Re: help on backup muiltinode cluster

Posted by Jason Wee <pe...@gmail.com>.

Hmm... cassandra fundamental key features like fault tolerant, durable and
replication. Just out of curiousity, why would you want to do backup?

/Jason


On Sat, Dec 7, 2013 at 3:31 AM, Robert Coli <rc...@eventbrite.com> wrote:

> On Fri, Dec 6, 2013 at 6:41 AM, Amalrik Maia <am...@s1mbi0se.com.br>wrote:
>
>> hey guys, I'm trying to take backups of a multi-node cassandra and save
>> them on S3.
>> My idea is simply doing ssh to each server and use nodetool to create the
>> snapshots then push then to S3.
>>
>
> https://github.com/synack/tablesnap
>
> So is this approach recommended? my concerns are about inconsistencies
>> that this approach can lead, since the snapshots are taken one by one and
>> not in parallel.
>> Should i worry about it or cassandra finds a way to deal with
>> inconsistencies when doing a restore?
>>
>
> The backup is as consistent as your cluster is at any given moment, which
> is "not necessarily". Manual repair brings you closer to consistency, but
> only on data present when the repair started.
>
> =Rob
>

Re: help on backup muiltinode cluster

Posted by Robert Coli <rc...@eventbrite.com>.

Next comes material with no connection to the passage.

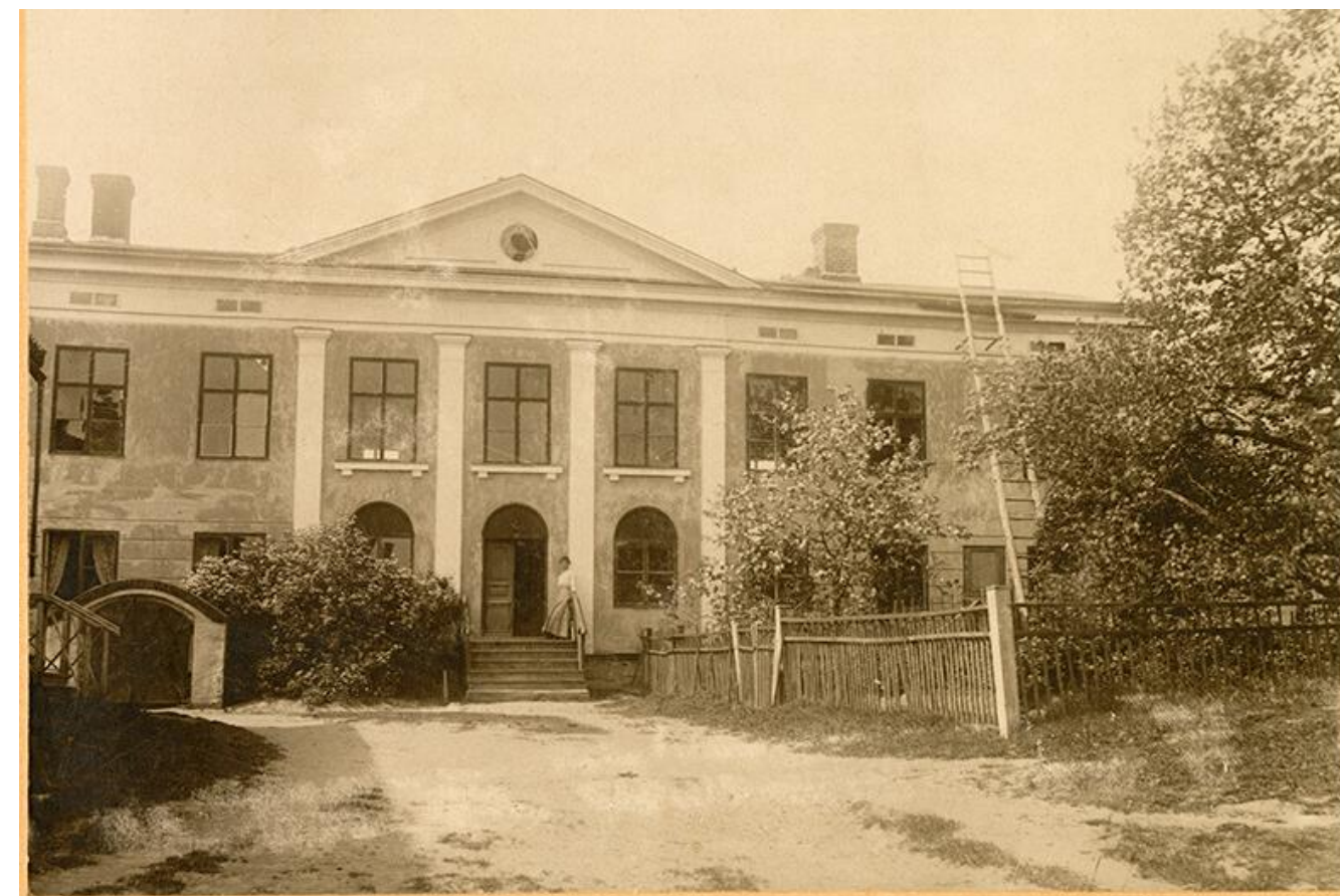
Boehmska huset 1918.

Skolan hade två klasser och vanligen ett tjugotal elever. Kyntzell var föreståndarinna fram till 1884. Skolan verkade till 1896. Från 1874 tjänstgjorde hon också som teckningslärarinna i primärskolan samt från 1884 också som lärarinna i stilskrivning.

On Fri, Dec 6, 2013 at 6:41 AM, Amalrik Maia <am...@s1mbi0se.com.br>wrote:

> hey guys, I'm trying to take backups of a multi-node cassandra and save
> them on S3.
> My idea is simply doing ssh to each server and use nodetool to create the
> snapshots then push then to S3.
>

https://github.com/synack/tablesnap

So is this approach recommended? my concerns are about inconsistencies that
> this approach can lead, since the snapshots are taken one by one and not in
> parallel.
> Should i worry about it or cassandra finds a way to deal with
> inconsistencies when doing a restore?
>

The backup is as consistent as your cluster is at any given moment, which
is "not necessarily". Manual repair brings you closer to consistency, but
only on data present when the repair started.

=Rob